Мишка сдуру батяньке своему нажаловался, но тот ему со своей стороны нещадно добавил.
Тут уж мушкетеры ощетинились, злую шкоду задумали. Сперли с фермы здоровенный брикет кормовых дрожжей да и плюхнули его в сортир служителя культа. Дело было в самую жару и, кто понимает, привело к натуральной экологической катастрофе. Чтобы ликвидировать ее последствия, пришлось вызывать пожарную команду. Пожарные посмеялись, постояли с наветренной стороны, брезгливо поморщились и уехали.
Отец Леонид тоже посмеялся. Потому что Куманьковы были по селу его «нижними» соседями, и все забродившее содержимое выгребной ямы неудержимым зловонным половодьем затопило их усадьбу. Просчитались мстители. И пришлось Мишке снова скрываться в лесах. И батянька его, опять намотав ремень на руку, безуспешно рысил по окрестностям в поисках сына.
Вот с той поры вспыхнула и по сей день не гаснет вражда между православной церковью и Мишкой Куманьковым, который отца Леонида иначе как мракобесом не называет. В последнее время вражда притихла, в подполье ушла, но не растворилась в деревенских буднях. Ждала своего часа…

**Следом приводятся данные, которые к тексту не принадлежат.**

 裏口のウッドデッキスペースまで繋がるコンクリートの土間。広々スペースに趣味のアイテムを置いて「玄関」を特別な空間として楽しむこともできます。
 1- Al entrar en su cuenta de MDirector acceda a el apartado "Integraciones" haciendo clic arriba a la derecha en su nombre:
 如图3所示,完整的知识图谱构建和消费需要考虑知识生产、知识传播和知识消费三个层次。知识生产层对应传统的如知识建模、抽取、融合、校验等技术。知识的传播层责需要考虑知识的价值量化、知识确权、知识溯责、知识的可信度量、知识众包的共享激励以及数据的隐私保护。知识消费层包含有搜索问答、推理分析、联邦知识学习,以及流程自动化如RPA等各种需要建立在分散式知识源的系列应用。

Проходя вдоль церковной ограды, Андрей помахал отцу Леониду. Священник, высоко задрав подол рясы, складывал в карман звенящую связку ключей и сделал участковому знак: подожди, мол, разговор есть. Подошел, улыбаясь, охотно показывая ровные чистые зубы. Они с Андреем были одного возраста, относились друг к другу с симпатией.
– Я в недоумении, Андрей Сергеевич, – сердито, сбросив улыбку, начал батюшка.

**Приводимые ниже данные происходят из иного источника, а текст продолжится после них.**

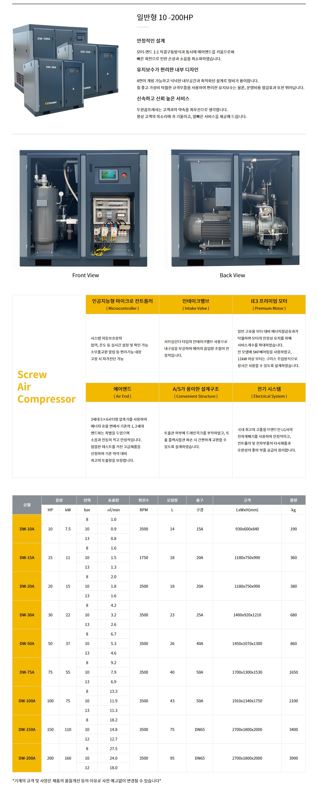 | 제품명 | 오일인젝션 스크류 – 일반형(Screw Air Compressors) | ||

– Я тоже, – искренне удивился в ответ Андрей.
– Вы прискорбно невнимательны к церкви!
– Как это? – опешил участковый. – Посты, что ли, не соблюдаю?
– Я имею в виду ваше профессиональное внимание, – не принял шутки отец Леонид. – Да, да. Вы обязаны добиться организации у церкви постоянного милицейского поста. Или какого-то другого вида охраны. Для верующих это храм, а для всех остальных – музей. Музей с бесценными, невосполнимыми при утрате произведениями искусства. Ведь у нас почти все иконы старинного письма, есть Дионисий, есть школы Феофана Грека. А книги? Евангелие в чеканном по меди футляре – ему поистине нет цены, нет равного. Впрочем, в Дубровническом музее имеется подробная опись – вы бы ознакомились с ней при случае, если моя тревога вас не убеждает…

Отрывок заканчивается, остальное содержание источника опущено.